Fiber at any price

Staff Writer
10 Mar 2006
00:00

 

This is crucial in terms of cost management for both FTTN and FTTH systems, he says.

'In both cases, there are sufficient network elements involved that diagnosing them quickly and accurately is imperative. Mechanisms, such as TR-069 for FTTN and OMCI for GPON are essential for minimizing operational costs,' Van Den Abeele says. 'In addition, subscriber self diagnostics and repair become more important as home networks become more complicated. These represent the most challenging aspects of deploying FTTN and FTTH.'

The cost issues of deploying FTTN or FTTH can perhaps best be illustrated by comparing fiber rollouts in China and Japan. In China, China Telecom, China Netcom and ISP Great Wall have been deploying FTTN/C + LAN architectures and have found it a very cost-effective option since they're chiefly targeting multiple-dwelling units, says In-Stat's Liu.

'With FTTC or FTTN, you're just rolling one fiber cable to a residential building and then using it to serve many subscribers in the same building, so the cost is not all that high,' he says.

The fact that it's shared bandwidth across a LAN in the building means additional cost savings, he adds. 'A service provider will claim that they are offering 10 Mbps or 100 Mbps, but in reality that will depend on how many users are online. That makes it easier to control their bandwidth costs, and it also allows them to offer the service at an affordable price, around $10 a month.'

In Japan, where operators are deploying FTTH, it's a different story, Liu says.

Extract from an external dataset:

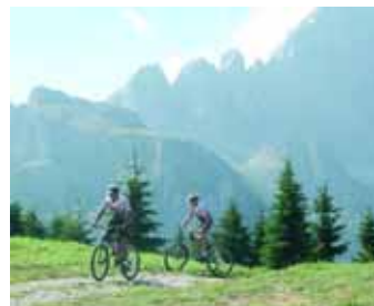
Pag 96. View of Cortina, Monte Pomagagnon / Veduta di Cortina, monte Pomagagnon

'FTTH is expensive because you have to dedicate bandwidth to each customer, but they have to do it anyway because competition for broadband service is so fierce that a service provider has to be able to provide 100 Mbps if it wants to be competitive,' he explains. 'That makes it harder to keep the costs down.'

That said, Liu notes, Japanese players have the advantage of the Japanese government's initiatives to connect the entire country with fiber before the end of the decade. 'They offer a no-interest loan subsidy to service providers for network construction. That's why they can afford to roll out a more expensive network.'

Governments are playing an important part in driving fiber in other markets as well, such as South Korea and several European markets. But even in markets where regulators are neutral about technology, some service providers are opting for fiber regardless of the cost because of the competitive differentiation.

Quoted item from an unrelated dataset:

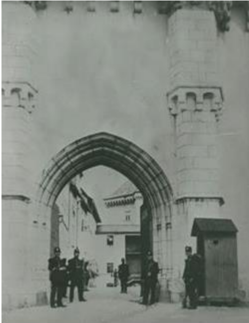
L'entrée du château est devenu une caserne.

Le château d'Annecy, sans fonction bien définie, aurait pu, comme bons nombres de châteaux-forts délaissés, être transformé en carrière de pierres, fournissant des matériaux "prêts à l'emploi" pour les chantiers en cours.

'In Hong Kong, PCCW has been quite aggressive with DSL and IPTV, so the other service providers must follow them but be able to compete against them, and FTTx is a way to do that. But they have to bear the cost of FTTx,' Liu says.

New revenues needed

That raises the question of how sustainable such expensive rollouts will be - hence the emphasis on keeping opex costs down as much as possible. However, that will be tricky as bandwidth demand - and thus the cost of provisioning it - continues to climb. As such, says Liu, FTTx operators will have to make up the difference with revenue-generating value-added services to cover their expenses.